Many have forgotten Fox hit the bulls-eye with supernatural series Sleepy Hollow. The 13-episode drama, based on the legend of Ichabod Crane and the headless horseman, got an early jump on the new fall season and immediately caught on with viewers. It was renewed very early and became one of last year's big winners.
Fox's luck continued in the reality and comedy realms as well with the Gordon Ramsey-fronted Masterchef Junior becoming a viable hit and Andy Samberg's Brooklyn Nine-Nine winning over critics and audiences. Masterchef earned what amounted to a two-season renewal and Brooklyn won the Golden Globe for Best Comedy and likely will be nominated for an Emmy. The three series represent a core trio for the network that will be able to bolster any new pickups.
What's coming back?
Fox also has a roster of established series to help protect its freshman class. Comedies New Girl and The Mindy Project have already been picked up and should provide lead-in support for new laughers. On the drama side Fox has what may be the final season of Bones queued up with Kevin Bacon's The Following set for an expected 2015 winter return. Audiences also could get another abbreviated run of 24, which will make its anticipated return on May 5. In addition animation remains a strong suit as staples The Simpsons and Family Guy will both be back with new episodes in the fall.

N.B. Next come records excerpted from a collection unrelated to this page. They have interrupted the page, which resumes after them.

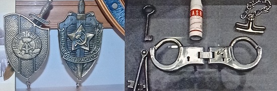 Außer Druck ausüben und Angst verbreiten, die Opposition zersetzen und Staatsfeinde hinter Gitter bringen, Republikflucht verhindern und Verstöße gegen die sozialistische Planwirtschaft unterbinden - die DDR-Staatssicherheit, die sich als Schild und Schwert der SED verstand und von dieser ihre Befehle bekam, konnte 1989 das zusammenbrechende Gebäude des zweiten deutschen Staates nicht stabilisieren und ging mit diesem unter. In der Stasigedenkstätte an der Ruschestraße sind die Embleme des MfS und des sowjetischen Geheimdienstes ausgestellt, daneben Handschellen und Schlüssel in einer Ausstellung im Stasi-Untersuchungsgefängnis Berlin-Hohenschönhausen.
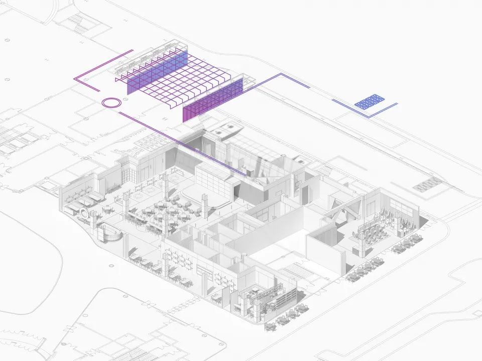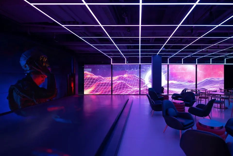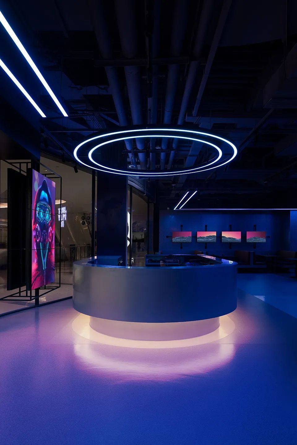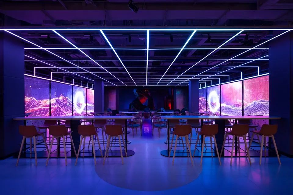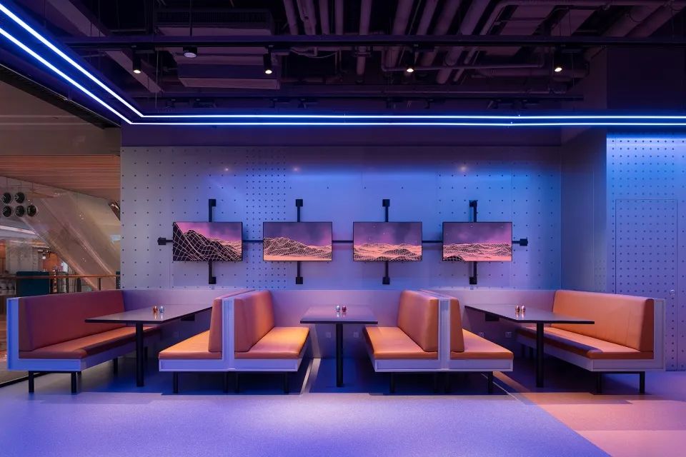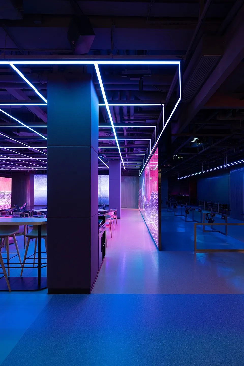 天花上一系列LED灯条贯穿整个空间,舞动的彩色灯光在空间里为顾客提供指引。这些灯条在主舞台区构成一个具有冲击力的网格结构,让这个区域成为不可忽视的视觉焦点。舞台区的设置可举办各种不同活动:从表演到现场电玩竞赛赛事;从瑜伽课到编程工作坊。大型LED墙和舒适的座位区与舞台结合,让不同的社群可以在此聚会并相遇。
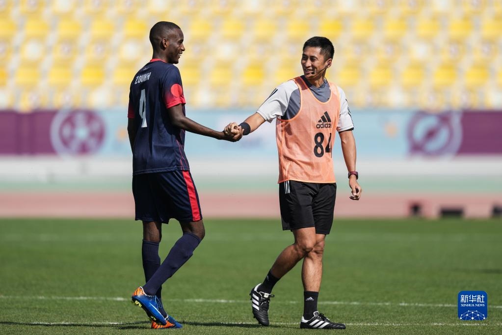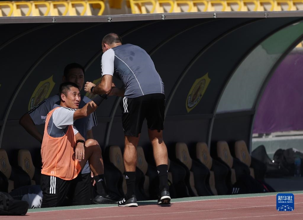 11月18日,中國裁判馬寧(右)在訓(xùn)練中與球員致意。新華社記者 潘昱龍 攝
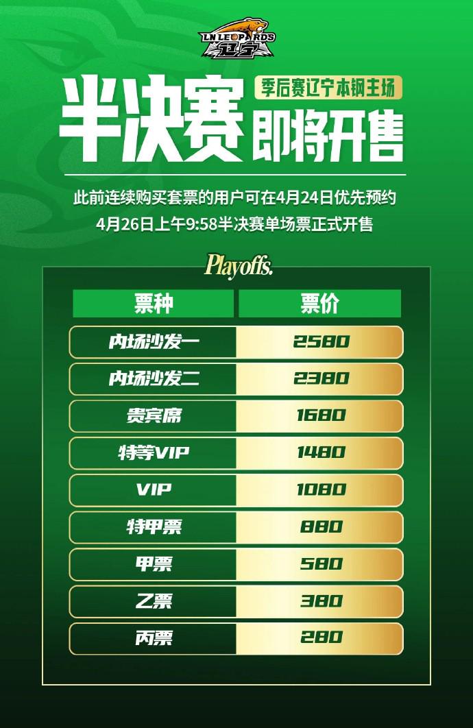 北京时间今日,辽宁男篮官方公布了辽篮半决赛主场门票发售方案,门票将于4月26日09:58公开发售,票价最高2580元,最低280元。
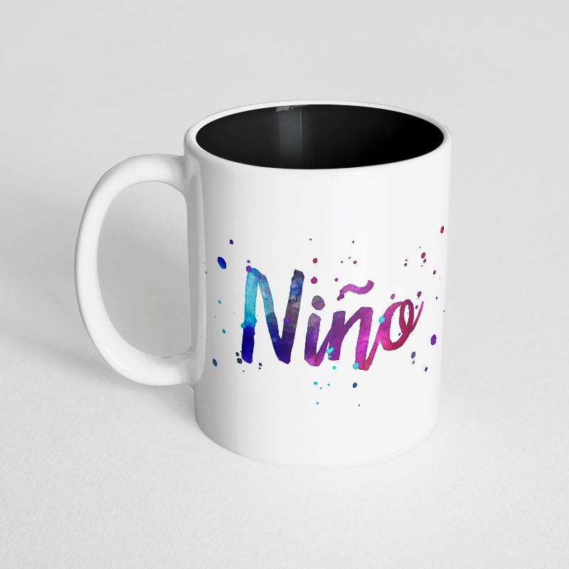 Your name in a font of your choice with a “galaxy” watercolor design on a black innercolor mug.

With just one real bubble show in Almost Human, the big question with Fox is more where the network will air its "event" series. Of the four announced last year, Cosmos and 24 have been slotted, leaving Wayward Pines and Broadchurch remake Gracepoint on the bench. Both will get big splashy pushes and both are highly anticipated, but because of their serialized nature and big-ticket appeal, they'll have to be separated on the schedule.
Likely one will hit in the late summer/early fall and the other in the winter/spring, but we'll have to wait until next month for answers. These are two big weapons in the network's arsenal and a crucial part of Fox's new business model. If they work, it will influence other networks to invest in this type of program on a larger level.
What's on the horizon?
As it is, the network will have its hands full with its first organic slate of non-piloted series, which will be under the microscope. Fox has put a lot of faith in Rainn Wilson's Backstrom, the high-concept drama Hieroglyph, and comedy Mulaney, among other projects.

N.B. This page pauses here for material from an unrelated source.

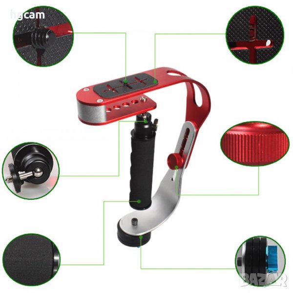 Професионален Steady Video стабилизатор предназначена за използване с видеокамери, огледално-рефлексни фотоапарати, HD огледално-рефлексни фотоапарати и т.н. Осигурява отлична стабилност и намалява вибрациите на фотоапарата по време на видеозапис, осигурява високо качество и яснота на сниманите видеа. Изработен от алуминиева сплав осигуряваща здравина, удобство при работа, дълготрайност и надеждност. Той също така разполага с гумирана, нехлъзгаща монтажна повърхност, така че камерата ви ще се закрепи здраво за него без да се нарани. Изключително подходящ за action камери като GoPro, SJ4000, iShare, xiaomi yi и много други
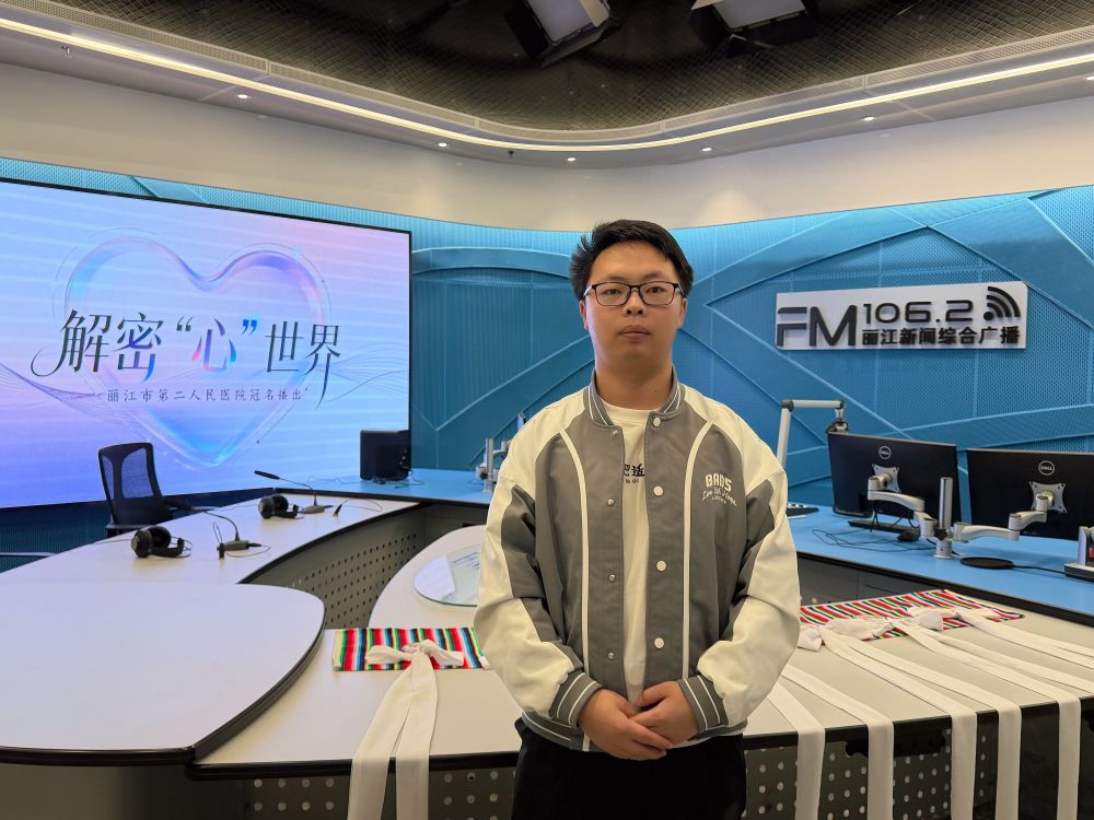 4月22日,麗江市第二人民醫(yī)院精神科醫(yī)師 孔維攀 走進(jìn)FM106.2麗江新聞綜合廣播直播間。(麗江融媒記者 徐蕾攝)

DC Comics-based Gotham starring The O.C.'s Benjamin McKenzie, Lee Daniels' hip-hop themed drama Empire, and Octavia Spencer's Red Band Society are also making big waves and could be game-changers. Keep in mind that some of those also have the potential to be expensive given that a few come with high penalties if not given a series order.
Fox has always been a difficult network to analyze because it hands seven hours a week back to its affiliates for either syndicated programming or local news broadcasts every night at 10 p.m. The assumption is the unique schedule forces its lineup to be "tighter." That's not always true, which is why this new way of programming is so fascinating.
The network has only so many positions to fill, although X Factor's cancellation frees up two hours of real estate. That goes away in the winter when American Idol returns, but given the new trend of shorter-run 13-episode seasons, that may not be a problem.
Part of the appeal of shows like Sleepy Hollow and The Following is that they are less of a commitment. Shorter seasons also lead to less filler and more streamlined plots, something cable learned a long time ago. Fox is the only network that really understands that concept and that gives it a huge edge...which is something advertisers will surely notice.